Factory revenues in the worldwide server market grew 6.3 per cent year over year to $13.1bn in the second quarter of 2007 led by strong demand for blades and x86 systems, new research reveals.
IDC's Worldwide Quarterly Server Tracker reported that this is the fifth consecutive quarter of positive revenue growth and the highest second-quarter revenue since the market peaked in 2000.
After three years of slowing growth, server shipments grew 6.1 per cent year over year in the second quarter of 2007 driven by an improved refresh cycle and an expansion of new distributed computing workload deployments across the market.
The research reveals that volume x86 systems represented the "primary driver " for market growth during the quarter as revenue growth improved to 11 per cent year over year.
In contrast, revenue for midrange enterprise servers increased 0.2 per cent year over year and the high-end enterprise server market showed a 1.7 per cent increase year over year.
"The server market continues to experience solid growth, and revenue growth has accelerated over the past seven quarters," said Matt Eastwood, group vice president of enterprise platforms at IDC.
"Although x86-based systems are once again the primary driver for overall market growth, continued growth in other market segments demonstrates that a single standardised infrastructure is not capable of meeting the full range of needs in today's modern enterprise.
"Enterprise customers of all types continue to focus on driving business growth.

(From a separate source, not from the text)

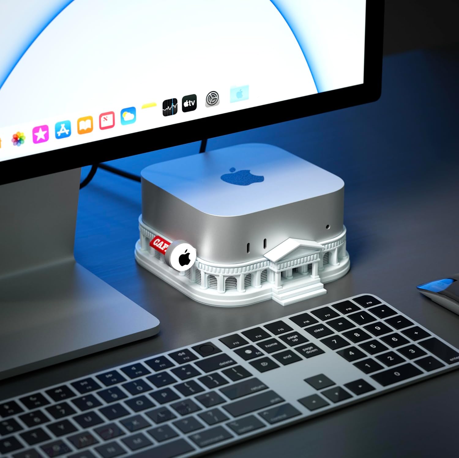 Original design, 3D printed dust-proof stand, designed specifically for Mac Studio and compatible with Mac Mini M1/M2. This Mac Studio base is equipped with a built-in filter screen, which can be disassembled and washed for reuse. It can block animal hair and dust from entering without affecting the machine's heat dissipation. The unique shape design of the Dust-proof base perfectly matches the machine, and the interior can be DIY installed with light strips to create a full atmosphere.

This growth drives new computing demands, which increasingly require both scale-up consolidated systems and scale-out distributed configurations to meet very different workload needs in today's enterprise."
The server blade market showed signs of acceleration for the third consecutive quarter, as factory revenues grew 36.7 per cent year over year.
Overall, blade servers, including x86, Epic and Risc blades, accounted for $875m in the second quarter, representing 6.7 per cent of quarterly server market revenue.
"Blade servers continue to be the fastest growing segment of the worldwide server market," said Jed Scaramella, research analyst in IDC's Enterprise Computing group.
"Customers are increasing their blade deployments and vendors are broadening the blades product portfolio.
"IDC believes that blades are in the next wave of product evolution and customer adoption.
"As IT organisations become more familiar with the platform, they are able to deploy blades in IT environments that are suited to take advantage of the management capabilities, as well as the cost and serviceability benefits."